Shotguns have relatively low pressures - say, oh, 14,000 PSI to 17,000 PSI. Black powder shotguns need even less.

Pistol/revolver rounds might reach up into the mid-30K to 40K region (for the biggest Linebaugh or Freedom Arms type rounds). 25 to 30K for most centerfire pistol rounds is a good number.

Rifle rounds can be anywhere from the mid-40K region up to over 60K PSI, “maximum average pressure,” aka “MAP” to firearms testers and proof houses. Near 70K PSI in a rifle, you start blowing out primers and case heads start to come loose.

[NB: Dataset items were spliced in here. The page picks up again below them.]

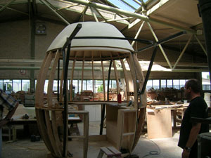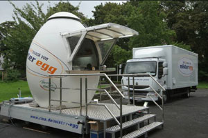 Im Auftrag der Jeschenko MedienAgentur Köln haben wir im Jahr 2006 für den "Mr.Egg"-Tourwagen der CMA in Zusammenarbeit mit den ausführenden Firmen die Tragwerksplanung übernommen. Unten ein Bild während der Bauphase und nach Abschluss.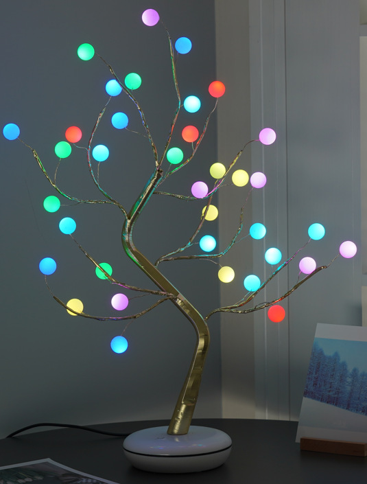 • 36L 안개 흰색 둥근 구슬 나무 램프 다채로운 RGB 원격 제어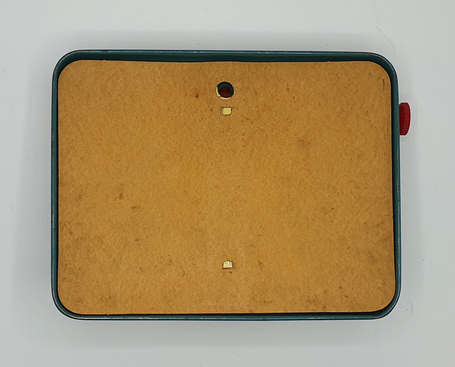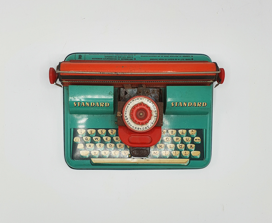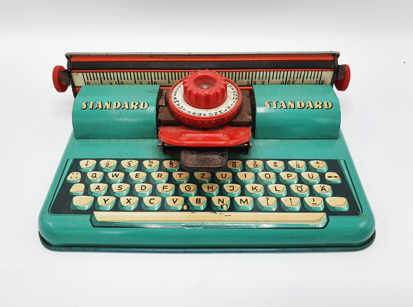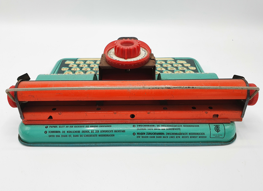 Fraai vintage speelgoed, deze blikken Apex Standard typemachine uit de jaren '50. Het is vervaardigd door het West-Duitse TippCo, een fabriek die van 1912 tot 1971 in Neurenberg gevestigd was. Het is een vrij eenvoudig te bedienen apparaatje met de gebruiksaanwijzing op de achterzijde. Hier staat vermeld hoe je het papier plaatst en middels het draaiwiel het bewuste leesteken kiest waarna je door op het mechanisme te drukken handmatig afdrukt.
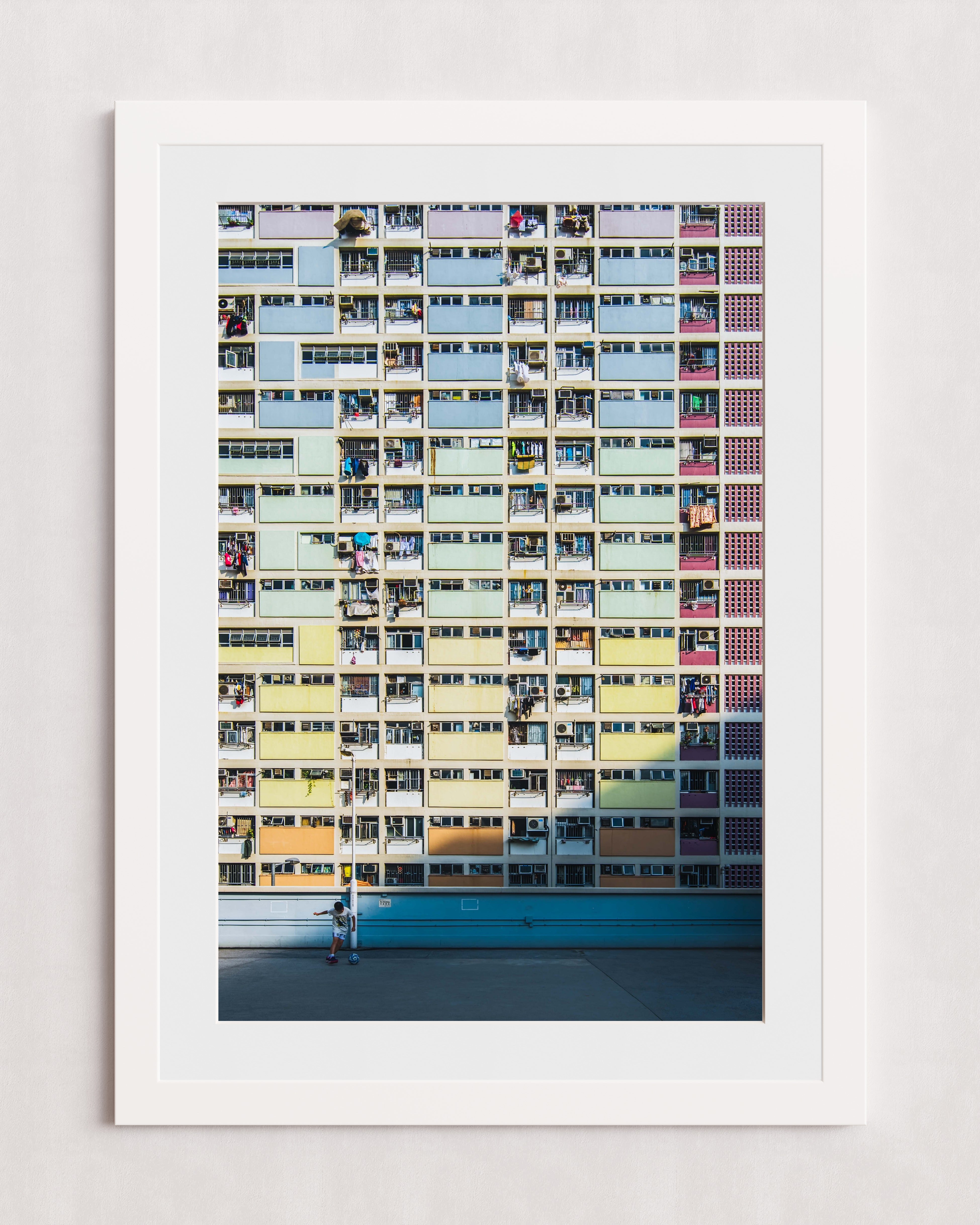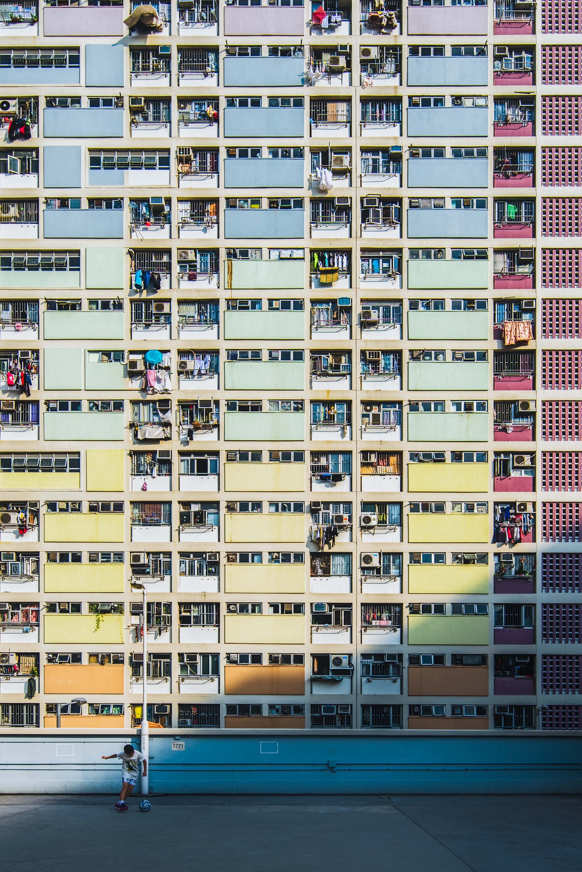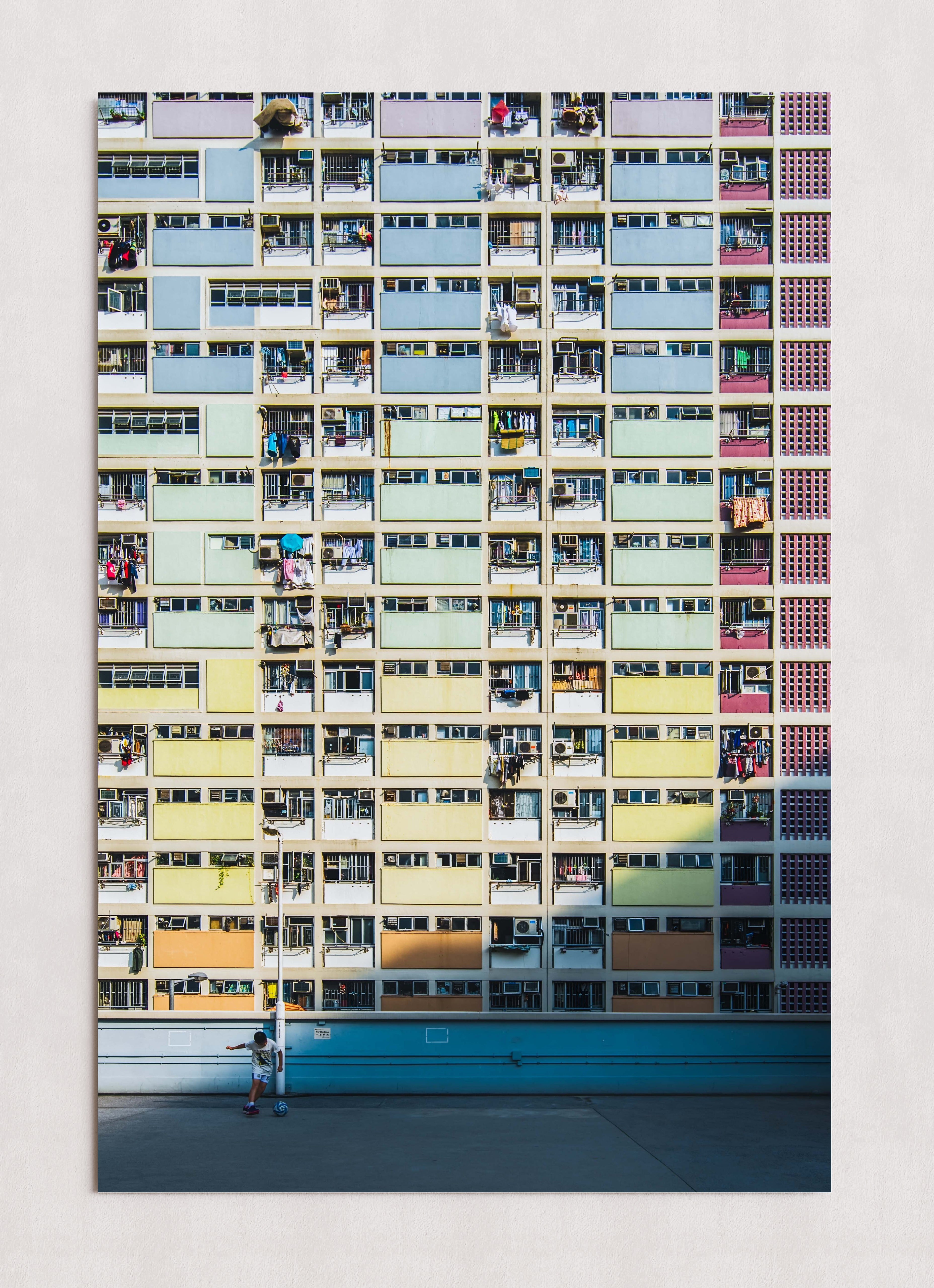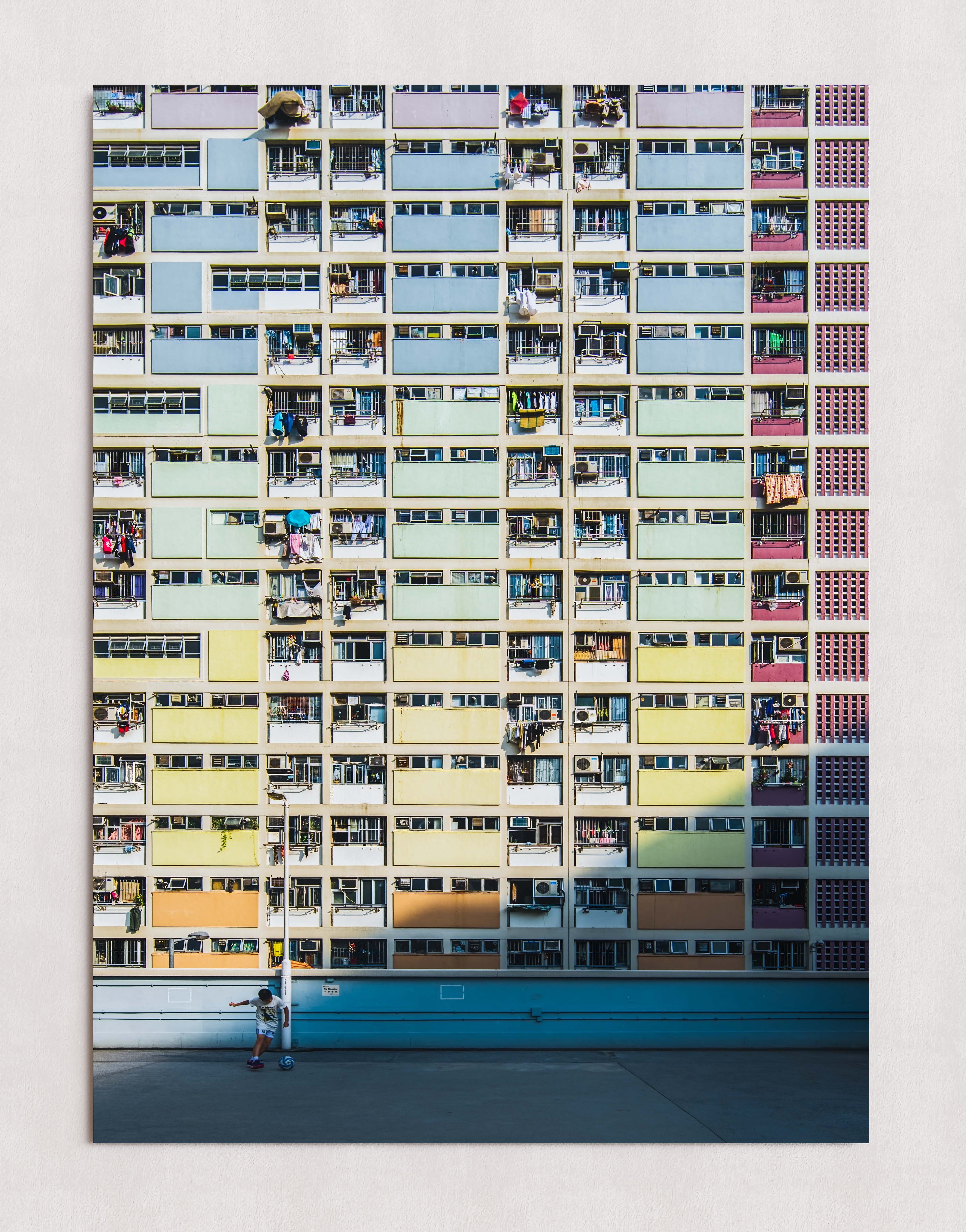 Un immeuble d'appartements aux couleurs chatoyantes, percé de nombreux balcons et fenêtres, domine le paysage. Au premier plan, une personne se tient debout sur une surface en béton baignée de soleil, ce qui accentue l'échelle de la structure imposante.

OK, so what does this mean?

It means that many steels will actually suffice to hold in those pressures. The steel used in the receivers of the Springfield ‘03, Garand and M14/M1A aren’t what we currently consider especially high-strength steels. If you want a representative AISI number, go look at the specs for 8620, which was the steel of choice for the Garand and M14. The ‘03 was similar strength, different steel.

Barrel steels were “ordnance steel,” which spoke more of the quality than the yield strength. Today, most “chrome moly” steel barrels are 4140 steel, “gun barrel quality,” which is the highest quality of that particular alloy. Basically, you don’t want inclusions and pockets in the steel. Stainless barrels are typically made from 416 stainless - but mostly because 416 machines nicely, not because it is especially corrosion resistant or high strength.

4140 alloy is pretty common stuff. If I had to pick only one steel in a survival situation, I think 4140 would be high on my list of “good stuff to have.” You can harden it, you can work it annealed or quenched & tempered back, you get good machineability, good welding properties... there’s a reason why it is so popular in so many applications.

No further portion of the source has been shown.